The entries that follow must be given again exactly, with no pictures kept.

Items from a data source
:::
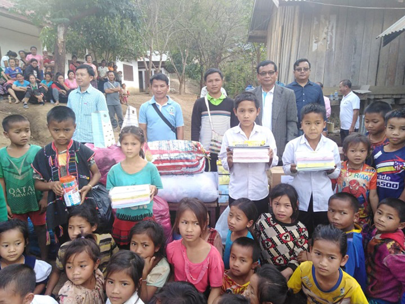 ສໍາລັບເຄື່ອງທີ່ນໍາໄປມອບໃນຄັ້ງນີ້ປະກອບມີ: ເຄື່ອງນຸ່ງຫົ່ມຈໍານວນ 7 ຖົງ, ປຶ້ມຂຽນ 36 ຕັບ, ບິກ 12 ກັບ, ສໍດຳ 24 ກັບ, ບານສົ່ງ, ກະຕໍ້ຫວາຍ ແລະອື່ນໆ ລວມເປັນມູນຄ່າທັງໝົດ 10 ລ້ານກວ່າກີບ, ຕາງໜ້າມອບໂດຍທ່ານ ພອນສະຫວັນ ພັນທະວິຈິດ ຫົວໜ້າພະແນກ ຖວທ ແຂວງອຸດົມໄຊ ແລະຮັບໂດຍນາຍບ້ານລວມທັງບັນດາຄະນະບ້ານ, ປະຊາຊົນຕະຫຼອດຮອດນ້ອງນັກຮຽນ.
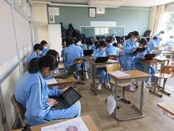 昨日の午前中の続きで、修学旅行に向けて調べ学習を実施していました。
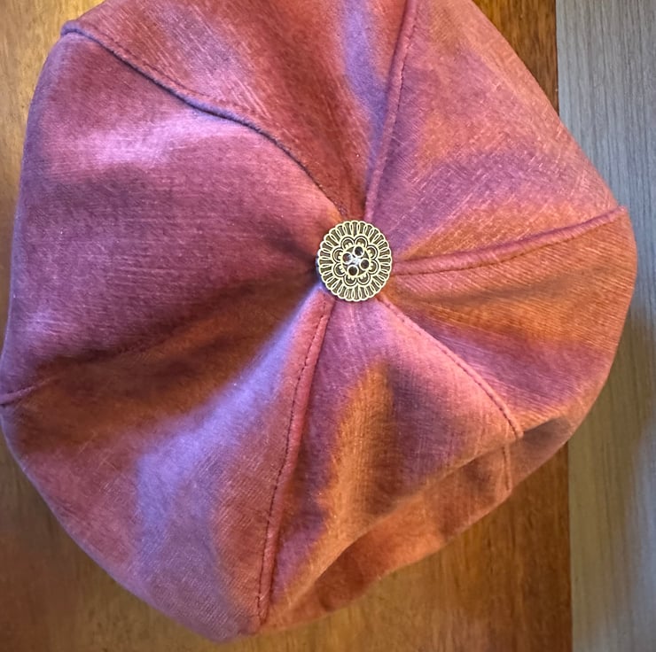 My jaunty, beret style hat is made from russet velvet with a lining of gold taffeta. It is designed to fit a 23ins or 58cm head and has elastic for a comfortable fit.
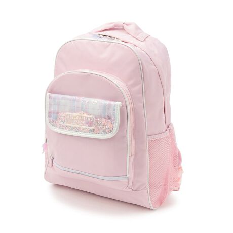 学校行事、お出かけ、旅行など、さまざまなシーンで活躍するサイズ感のリュックです。フロントポケットはメゾピアノオリジナルチェック柄にキラキラとしたラメやスパンコールを閉じ込めました。オーロラなツヤのロゴパッチもポイント。ショルダーの胸部分にベルトがついているので肩からずり落ちにくく、お子さまが疲れにくい仕様となっています。その他にもDカンや反射シート、長さを調節できるテープをプラス。ペットボトルや水筒を入れるのにぴったりなメッシュ素材のサイドポケットつきです。内側にはお名前シートつき。≪重さ≫F/約460g
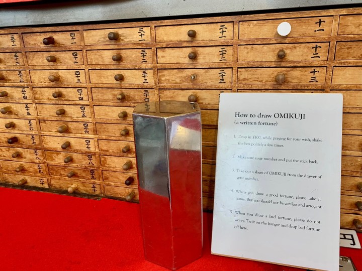 After shaking a box with wooden sticks, you can read a number from the stick and then find the matching wooden drawer, which hides a fortune message for you (some of them in the main temple building also include English messages, there will be a sign saying that, so fun to try!
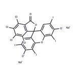 Rose bengal is a xanthene dye, fluorescein derivative, and photosensitizer. It exhibits absorption/emission maxima of 548/567 nm, respectively. Rose bengal binds to
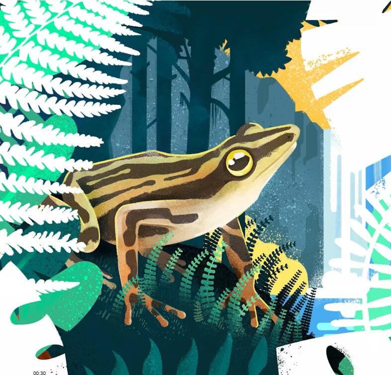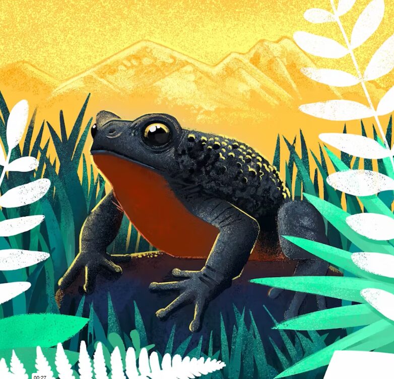 El sapo de nariz larga (Atelopus longirostris) es una especie amenazada que vive en los bosques montañosos y tropicales de los Andes. Se consideraba extinta tras 20 años sin avistamientos, y recientemente ha sido parte de una acción legal contra un proyecto de minería de cobre (Ilustración: Pablo Ruiz Teneb / Dialogue Earth; Audio: Amadeus Plewnia / Centro Jambatu )
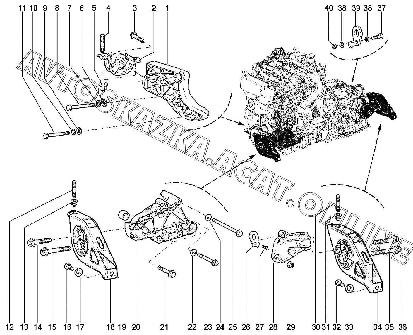 Подвеска двигателя (с КПП BVA4, с КУ) ВАЗ Kalina (2192, 2194 Lada Kalina (хэтчбек, универсал, CROSS))
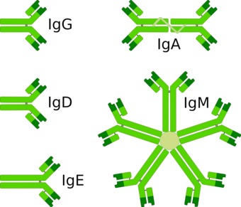Übersicht über die humanen Immunglobulin-Klassen. Es gelten die Nutzungsbedingungen der Mediothek und Pixiothek. Auf http://unterricht.petzinger.net/biochdropbox.html auch als svg und in CC-BY verfügbar.
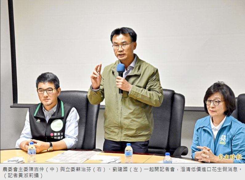 蘇治芬、劉建國表示,「有心人士」拿著一張關稅配額權利金決標紀錄表傳播政府要低價進口花生的假消息,已嚴重影響花生價格,損害農民權益,要求農委會對散播假消息的人開罰。
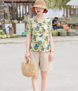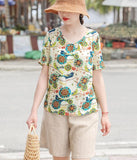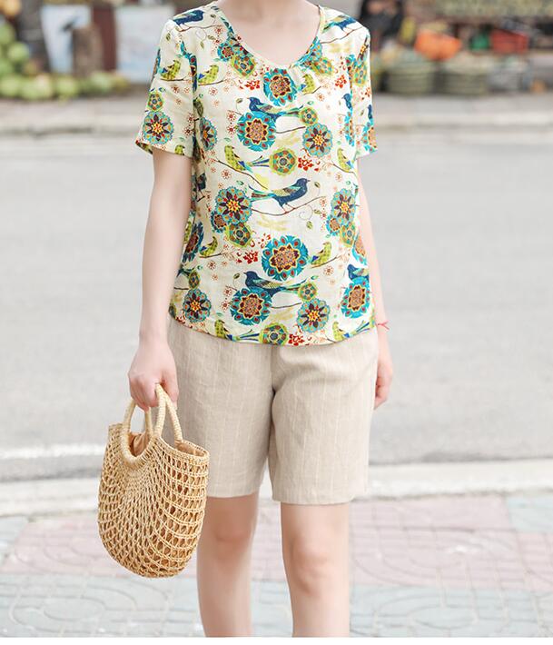 Floral Linen Blouse Simple Style Shirts Summer Tops SMM9508
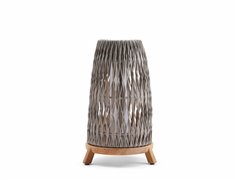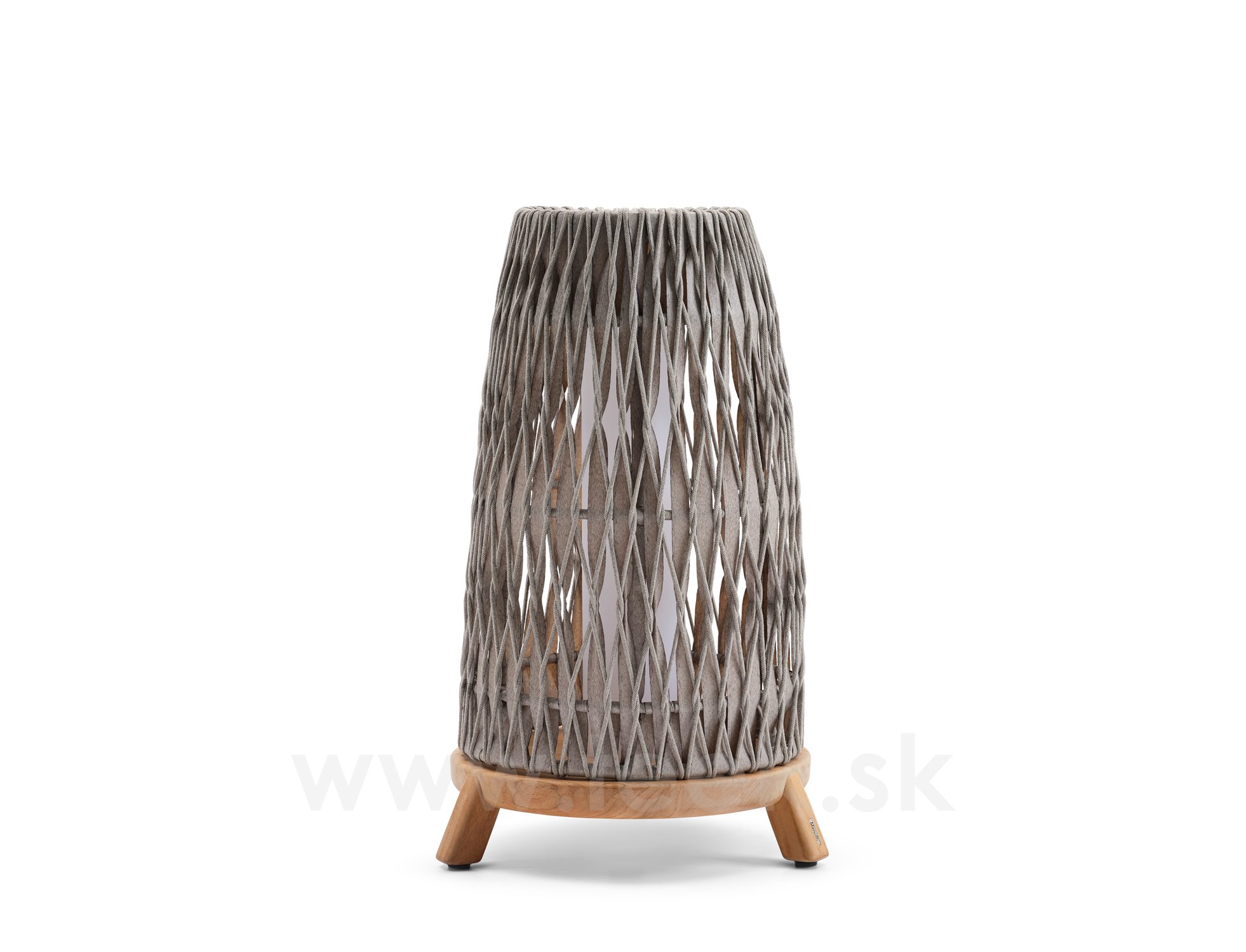 Velká venkovní lucerna Sandua, Manutti, rám teak, výplet lanko dicord pepper, včetně LED světla, bez nabíječky a dálkového ovládaní, volitelné teplé i studené světlo
:::
• Task result
 ສໍາລັບເຄື່ອງທີ່ນໍາໄປມອບໃນຄັ້ງນີ້ປະກອບມີ: ເຄື່ອງນຸ່ງຫົ່ມຈໍານວນ 7 ຖົງ, ປຶ້ມຂຽນ 36 ຕັບ, ບິກ 12 ກັບ, ສໍດຳ 24 ກັບ, ບານສົ່ງ, ກະຕໍ້ຫວາຍ ແລະອື່ນໆ ລວມເປັນມູນຄ່າທັງໝົດ 10 ລ້ານກວ່າກີບ, ຕາງໜ້າມອບໂດຍທ່ານ ພອນສະຫວັນ ພັນທະວິຈິດ ຫົວໜ້າພະແນກ ຖວທ ແຂວງອຸດົມໄຊ ແລະຮັບໂດຍນາຍບ້ານລວມທັງບັນດາຄະນະບ້ານ, ປະຊາຊົນຕະຫຼອດຮອດນ້ອງນັກຮຽນ.
 昨日の午前中の続きで、修学旅行に向けて調べ学習を実施していました。
 My jaunty, beret style hat is made from russet velvet with a lining of gold taffeta. It is designed to fit a 23ins or 58cm head and has elastic for a comfortable fit.
 学校行事、お出かけ、旅行など、さまざまなシーンで活躍するサイズ感のリュックです。フロントポケットはメゾピアノオリジナルチェック柄にキラキラとしたラメやスパンコールを閉じ込めました。オーロラなツヤのロゴパッチもポイント。ショルダーの胸部分にベルトがついているので肩からずり落ちにくく、お子さまが疲れにくい仕様となっています。その他にもDカンや反射シート、長さを調節できるテープをプラス。ペットボトルや水筒を入れるのにぴったりなメッシュ素材のサイドポケットつきです。内側にはお名前シートつき。≪重さ≫F/約460g
 After shaking a box with wooden sticks, you can read a number from the stick and then find the matching wooden drawer, which hides a fortune message for you (some of them in the main temple building also include English messages, there will be a sign saying that, so fun to try!
 Rose bengal is a xanthene dye, fluorescein derivative, and photosensitizer. It exhibits absorption/emission maxima of 548/567 nm, respectively. Rose bengal binds to
 El sapo de nariz larga (Atelopus longirostris) es una especie amenazada que vive en los bosques montañosos y tropicales de los Andes. Se consideraba extinta tras 20 años sin avistamientos, y recientemente ha sido parte de una acción legal contra un proyecto de minería de cobre (Ilustración: Pablo Ruiz Teneb / Dialogue Earth; Audio: Amadeus Plewnia / Centro Jambatu )
 Подвеска двигателя (с КПП BVA4, с КУ) ВАЗ Kalina (2192, 2194 Lada Kalina (хэтчбек, универсал, CROSS))
Übersicht über die humanen Immunglobulin-Klassen. Es gelten die Nutzungsbedingungen der Mediothek und Pixiothek. Auf http://unterricht.petzinger.net/biochdropbox.html auch als svg und in CC-BY verfügbar.
 蘇治芬、劉建國表示,「有心人士」拿著一張關稅配額權利金決標紀錄表傳播政府要低價進口花生的假消息,已嚴重影響花生價格,損害農民權益,要求農委會對散播假消息的人開罰。
 Floral Linen Blouse Simple Style Shirts Summer Tops SMM9508
 Velká venkovní lucerna Sandua, Manutti, rám teak, výplet lanko dicord pepper, včetně LED světla, bez nabíječky a dálkového ovládaní, volitelné teplé i studené světlo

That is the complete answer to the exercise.